ASSIGNED TASK:
In the entries below, find the line with "Apart Harmony - Apartamenty" and the line with "Before fixing the"; reproduce those two lines and all lines between them exactly, without pictures.

DATA FOR REVIEW:
- Opening Delimiter -

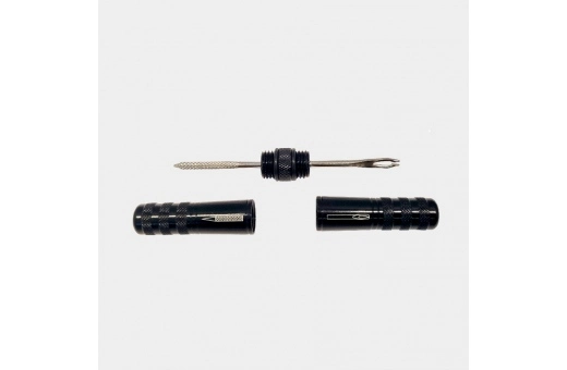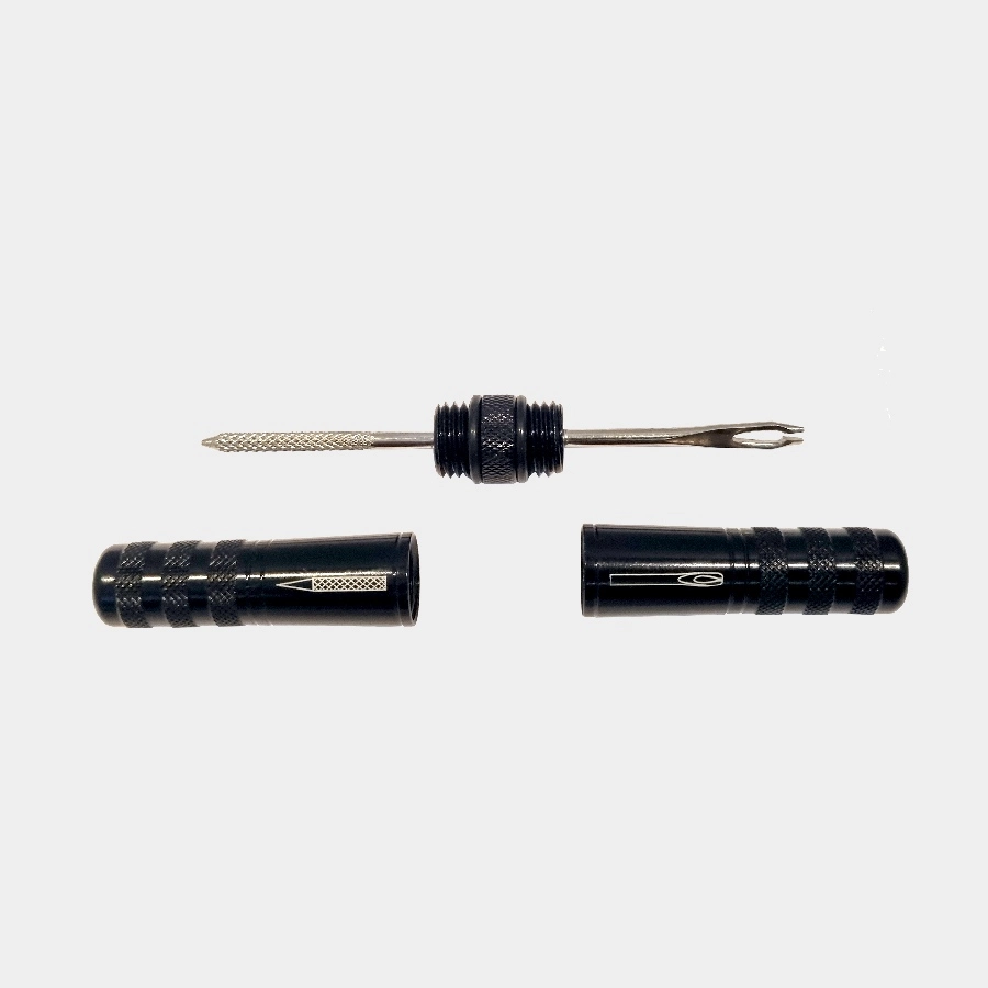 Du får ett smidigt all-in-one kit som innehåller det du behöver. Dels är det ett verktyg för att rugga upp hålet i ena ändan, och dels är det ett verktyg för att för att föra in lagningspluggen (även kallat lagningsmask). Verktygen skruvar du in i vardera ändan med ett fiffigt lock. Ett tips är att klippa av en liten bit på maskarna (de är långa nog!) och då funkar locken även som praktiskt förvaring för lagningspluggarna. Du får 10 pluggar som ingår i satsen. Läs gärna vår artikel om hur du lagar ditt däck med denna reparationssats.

- Closing Delimiter -
- Opening Delimiter -

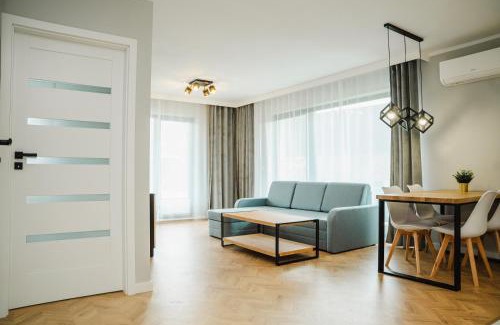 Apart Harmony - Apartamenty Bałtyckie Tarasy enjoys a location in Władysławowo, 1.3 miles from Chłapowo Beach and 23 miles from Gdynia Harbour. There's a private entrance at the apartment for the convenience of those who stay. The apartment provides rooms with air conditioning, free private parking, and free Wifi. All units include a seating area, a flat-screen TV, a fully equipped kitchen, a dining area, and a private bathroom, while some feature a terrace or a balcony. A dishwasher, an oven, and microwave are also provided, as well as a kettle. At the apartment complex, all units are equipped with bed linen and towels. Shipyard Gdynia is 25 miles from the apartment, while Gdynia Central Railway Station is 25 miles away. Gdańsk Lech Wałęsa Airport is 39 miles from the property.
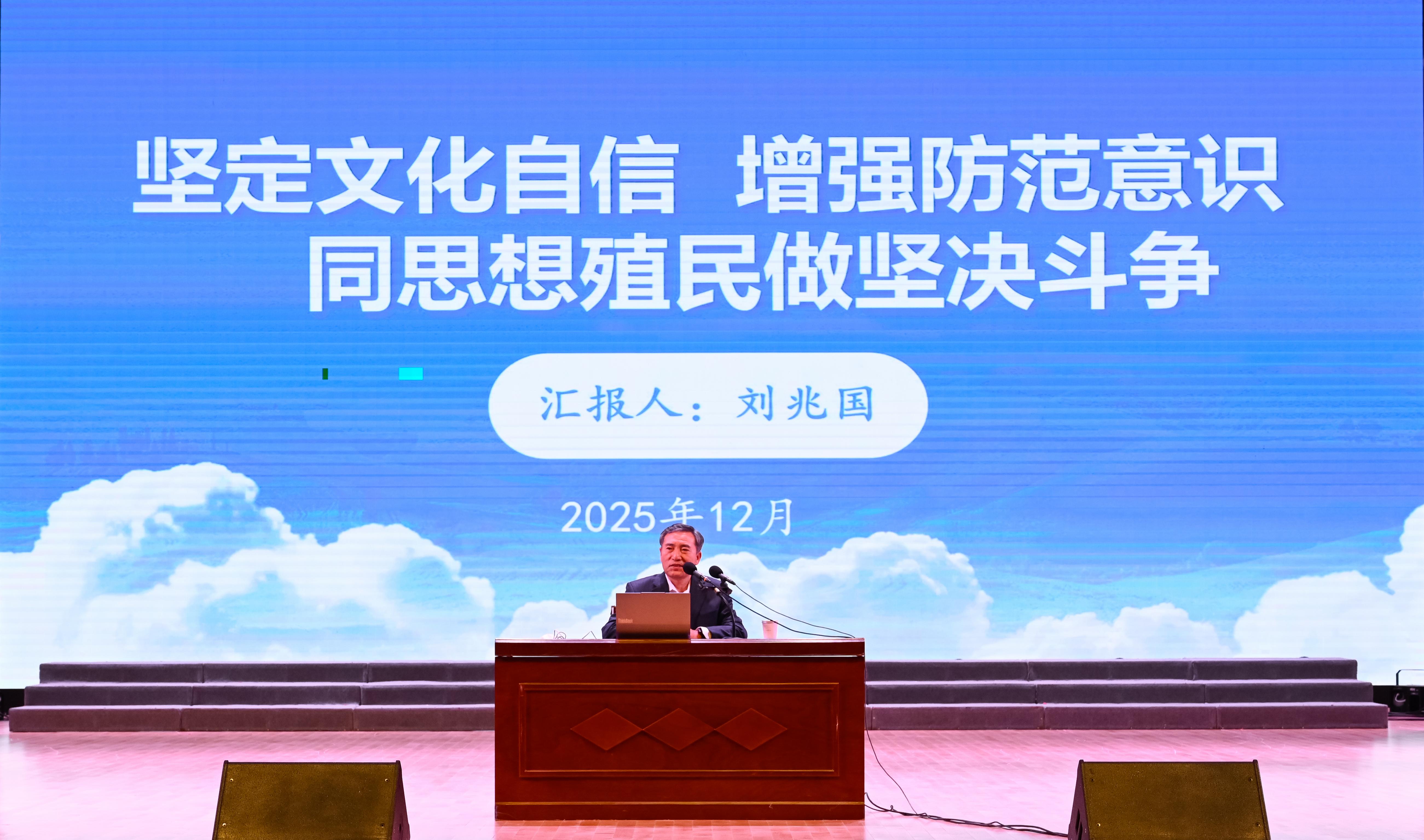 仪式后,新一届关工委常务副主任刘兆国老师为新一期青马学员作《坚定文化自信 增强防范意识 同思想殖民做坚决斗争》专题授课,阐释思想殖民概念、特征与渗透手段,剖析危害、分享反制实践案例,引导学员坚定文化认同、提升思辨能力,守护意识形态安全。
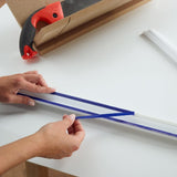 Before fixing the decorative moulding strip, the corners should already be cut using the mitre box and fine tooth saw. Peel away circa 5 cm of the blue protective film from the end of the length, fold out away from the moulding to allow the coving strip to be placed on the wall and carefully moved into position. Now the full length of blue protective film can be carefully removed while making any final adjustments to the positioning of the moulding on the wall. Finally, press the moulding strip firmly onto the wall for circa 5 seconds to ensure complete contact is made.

- Closing Delimiter -

TASK RESPONSE:
 Apart Harmony - Apartamenty Bałtyckie Tarasy enjoys a location in Władysławowo, 1.3 miles from Chłapowo Beach and 23 miles from Gdynia Harbour. There's a private entrance at the apartment for the convenience of those who stay. The apartment provides rooms with air conditioning, free private parking, and free Wifi. All units include a seating area, a flat-screen TV, a fully equipped kitchen, a dining area, and a private bathroom, while some feature a terrace or a balcony. A dishwasher, an oven, and microwave are also provided, as well as a kettle. At the apartment complex, all units are equipped with bed linen and towels. Shipyard Gdynia is 25 miles from the apartment, while Gdynia Central Railway Station is 25 miles away. Gdańsk Lech Wałęsa Airport is 39 miles from the property.
 仪式后,新一届关工委常务副主任刘兆国老师为新一期青马学员作《坚定文化自信 增强防范意识 同思想殖民做坚决斗争》专题授课,阐释思想殖民概念、特征与渗透手段,剖析危害、分享反制实践案例,引导学员坚定文化认同、提升思辨能力,守护意识形态安全。
 Before fixing the decorative moulding strip, the corners should already be cut using the mitre box and fine tooth saw. Peel away circa 5 cm of the blue protective film from the end of the length, fold out away from the moulding to allow the coving strip to be placed on the wall and carefully moved into position. Now the full length of blue protective film can be carefully removed while making any final adjustments to the positioning of the moulding on the wall. Finally, press the moulding strip firmly onto the wall for circa 5 seconds to ensure complete contact is made.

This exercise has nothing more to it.